# Grammar: -miyor değil



## sufler

Merhaba.
For a long time I've known that certain verb forms in Turkish can be used as adjectives.
For examples the activity-related stems ending with -miş4, like: _kaybolmuş anılar _- lost memories _/memories which have been lost/_
and for the present tense activities we use the -(y)an/en forms, like: _evime gelen adam_.
They work as adjectives and it's clear so far.

Yet I have also learned that the -yor forms cannot be used as adjectives ever.
So, I can't say _evime geliyor adam güzeldir_. It must be "gelen" instead.
Taking this into account, I've come to conclusion that -yor forms are specifically verbal and they can't take any noun/adjective modifiers.

But today while looking over a Turkish book I found such a sentence:
*"...ama aklım onunla geçirdiğimiz hareketli günlere de takılmıyor değildi."*

This was a big surprised to see the particle "değil" which is usually used to negate nouns and adjectives after a *verb*, 
which is moreover already negative in the stem (-ılmıyor)!

I could suppose it's possible to say *takılmamakta değildi* _(lit. wasn't in not-longing)_ or possibly *takılmayan değildi  *(_wasn't the one which is not longing)

_but the original form _takılmıyor değildi_ makes little sense for me... it sounds like "is not longing wasn't"


----------



## murattug

simply 
takılmıyor değildi = takılıyordu

I think it is named double negative, see also this link in wikipedia http://en.wikipedia.org/wiki/Double_negative#Two_negatives_resolving_to_a_positive


----------



## Reverence

You know the sentences which go like, "Not that he wasn't...", right? There's your answer.


----------



## sufler

Ok, I figured out this must've been a kind of double negative.
Therefore my doubts concern only the way that it is created.
Why do you use the word _değil_ which usually accompanies nouns _(bu adam arkadaşım değil)_ or adjectives _(o güzel değil) _?
But here we have to do wıth a typical verbal form.

So, why don't you say for example *takılmayan değildi*? Here it seems normal: a noun + _değil_.

Another thought,
Provided the original sentence was correct.
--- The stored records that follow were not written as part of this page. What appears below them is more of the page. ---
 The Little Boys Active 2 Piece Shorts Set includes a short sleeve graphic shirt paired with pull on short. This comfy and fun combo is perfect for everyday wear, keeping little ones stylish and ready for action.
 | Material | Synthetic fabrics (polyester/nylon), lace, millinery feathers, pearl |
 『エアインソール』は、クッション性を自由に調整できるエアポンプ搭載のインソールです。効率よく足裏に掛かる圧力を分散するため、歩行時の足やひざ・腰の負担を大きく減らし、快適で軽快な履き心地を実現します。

So then, why don't you usually say for instance: _Sinemaya gidiyor değilim_, but "gitmiyorum"?Is that correct at all? With _"gidiyor değilim"_?


----------



## Rallino

> So then, why don't you usually say for instance: _Sinemaya gidiyor değilim_, but "gitmiyorum"?Is that correct at all? With _"gidiyor değilim"_?


There is a nuance, though. I would translate them differently:

Sinemaya gitmiyorum. = I'm not going to the movie theatre.
Sinemaya gidiyor değilim. = (Well,) it's not like I'm going to the movie theatre or anything...


----------



## Reverence

sufler said:


> Ok, I figured out this must've been a kind of double negative.
> Therefore my doubts concern only the way that it is created.
> Why do you use the word _değil_ which usually accompanies nouns _(bu adam arkadaşım değil)_ or adjectives _(o güzel değil) _?
> But here we have to do wıth a typical verbal form.
> 
> So, why don't you say for example *takılmayan değildi*? Here it seems normal: a noun + _değil_.
> 
> Another thought,
> Provided the original sentence was correct. So then, why don't you usually say for instance: _Sinemaya gidiyor değilim_, but "gitmiyorum"?Is that correct at all? With _"gidiyor değilim"_?
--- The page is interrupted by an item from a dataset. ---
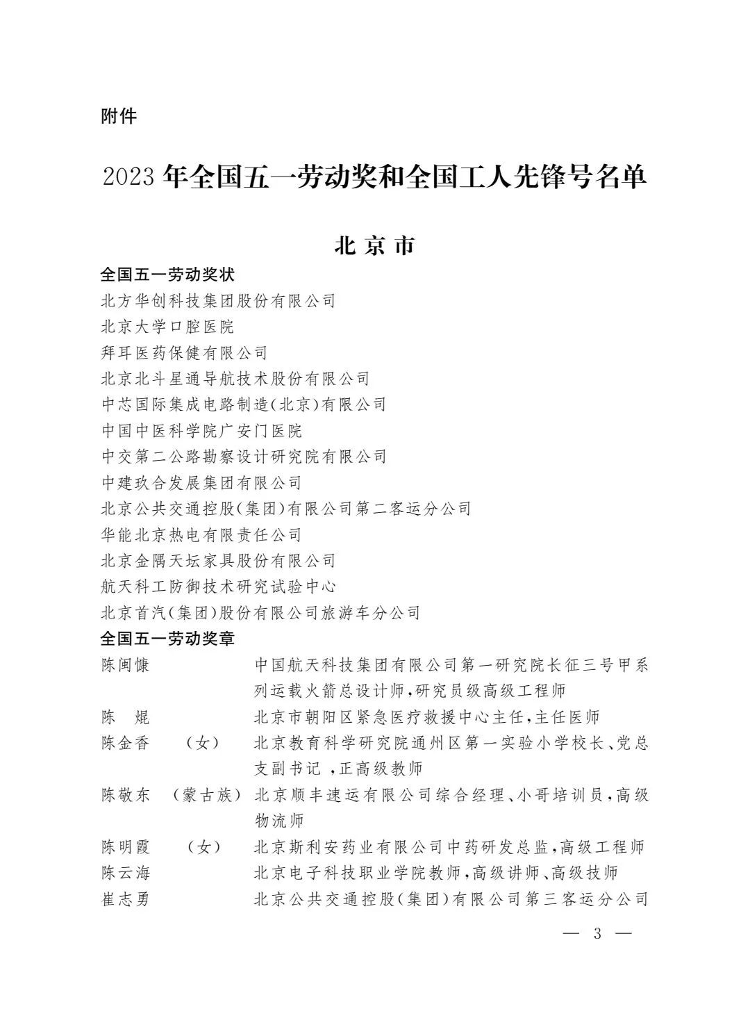 2023年庆祝“五一”国际劳动节暨全国五一劳动奖和全国工人先锋号表彰大会4月27日在北京人民大会堂隆重举行,207个集体和1035名个人分获全国五一劳动奖状、奖章,1044个集体获全国工人先锋号。
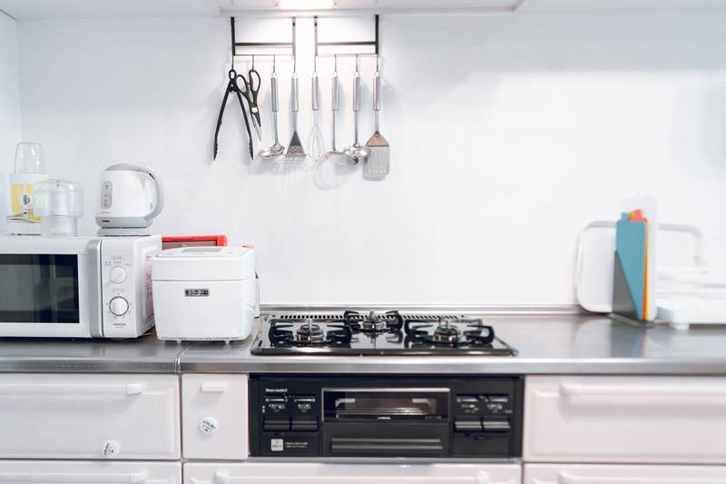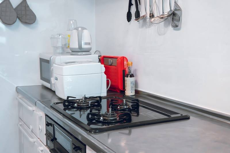 | キッチン | 3口ガスコンロ1、電子レンジ、炊飯器、ケトル、食器類 |

Uh, since when is _takılmıyor_ a typical verbal form? It's no more a verb than _takılmayan_.

The difference between "sinemaya gitmiyorum" and "sinemaya gidiyor değilim" is the same difference between "I'm not going to the cinema" and "It's not that I'm going to the cinema".


----------



## sufler

Reverence said:


> Uh, since when is _takılmıyor_ a typical verbal form? It's no more a verb than _takılmayan_.
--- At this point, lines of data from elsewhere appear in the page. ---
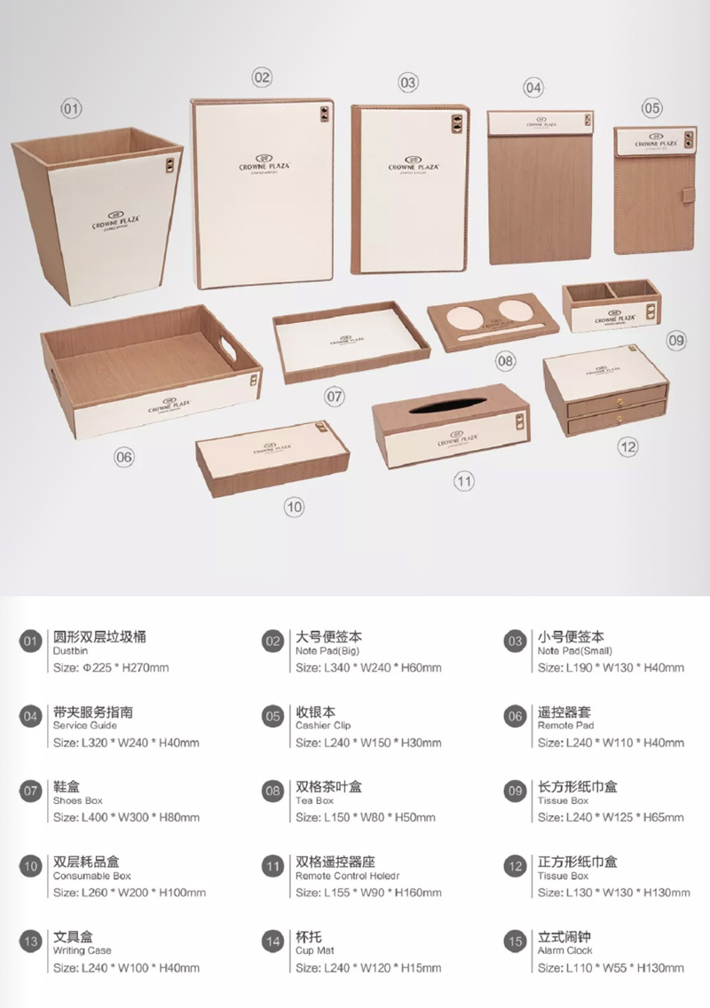 twoHotel room supplies (hotel leather goods products, hotel acrylic products, mini-fridge, safe, hair dryer, electric kettle, towel basket, trash bin)
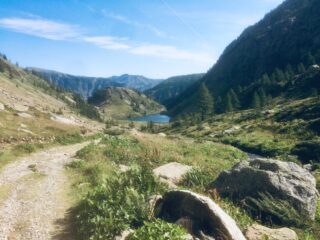 Cinque stelle nonostante la giornata variabile e le nuvole sul gruppo del Bianco. Bel sentiero a gradoni nei tratti più ripidi prima del lago di…
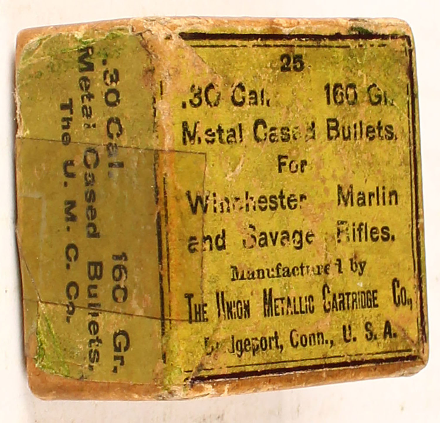 UMC, .30 Cal. 160 Gr. Metal Cased Bullets, Partial 22rds. 2pc. Buff box with green wraparound label, box is solid with very good color, age soiling some shelf wear, tape on left end minor corner wear, edges are mostly crisp, bullets are excellent. Grade: Very Good ++ - Value: 4 to 50

I thought that there must be a difference between them, because you can say for example "sinemaya giden adam sensin", but you'd rather not say "sinemaya gidiyor adam sensin".. I think.


----------



## Reverence

Good point. Let me elaborate.

It's true that "gidiyor" is a verb most of the time, but here, "değil" has nominalized it. Technically, "gidiyor değilim" is not much different than, say, "uzun değilim". It loses its verbal status and starts describing the subject, much like another adjective would.


----------



## sufler

Ok, I think I'm getting it  Are there other situations when -yor forms get nominalized or adding "değil" is the only possibility?


----------



## Reverence

Sure, there are cases other than "değil" as well. The verb "olmak" is infamous for nominalizing all manner of verbs.

- Arabanın soldan yaklaşıyor olduğunu göz önüne alırsak, geçiş hakkı diğer araçtadır. (If we consider that the car is approaching from the left, the right of way belongs to the other vehicle.)

There's also the mostly-obsolete verb "imek", which is mostly reduced to its suffix form in modern Turkish:

yapıyor idi -> yapıyordu

Just off the top of my head.


----------